REQUIRED WORK: Lines to restate from the data below: from the one containing "陳屹也特別提到,很多作品體現" to the one containing "Французских рифмачей суровый судия...", both included. Give them again exactly, and only them.

DATA RECORDS:
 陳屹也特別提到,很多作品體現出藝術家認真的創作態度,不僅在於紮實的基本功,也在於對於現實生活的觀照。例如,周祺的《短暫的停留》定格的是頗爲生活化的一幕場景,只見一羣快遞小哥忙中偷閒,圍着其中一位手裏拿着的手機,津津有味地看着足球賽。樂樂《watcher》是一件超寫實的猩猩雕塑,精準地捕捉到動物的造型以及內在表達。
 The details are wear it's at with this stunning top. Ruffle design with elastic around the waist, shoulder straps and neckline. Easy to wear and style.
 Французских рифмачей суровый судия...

==

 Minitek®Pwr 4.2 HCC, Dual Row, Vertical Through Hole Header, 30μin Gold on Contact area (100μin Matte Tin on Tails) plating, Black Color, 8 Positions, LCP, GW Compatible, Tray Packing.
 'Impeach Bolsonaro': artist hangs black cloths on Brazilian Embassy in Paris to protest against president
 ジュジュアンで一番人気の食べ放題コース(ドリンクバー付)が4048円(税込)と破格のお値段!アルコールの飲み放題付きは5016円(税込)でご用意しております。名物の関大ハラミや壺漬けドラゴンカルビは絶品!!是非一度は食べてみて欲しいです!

RESPONSE:
 陳屹也特別提到,很多作品體現出藝術家認真的創作態度,不僅在於紮實的基本功,也在於對於現實生活的觀照。例如,周祺的《短暫的停留》定格的是頗爲生活化的一幕場景,只見一羣快遞小哥忙中偷閒,圍着其中一位手裏拿着的手機,津津有味地看着足球賽。樂樂《watcher》是一件超寫實的猩猩雕塑,精準地捕捉到動物的造型以及內在表達。
 The details are wear it's at with this stunning top. Ruffle design with elastic around the waist, shoulder straps and neckline. Easy to wear and style.
 Французских рифмачей суровый судия...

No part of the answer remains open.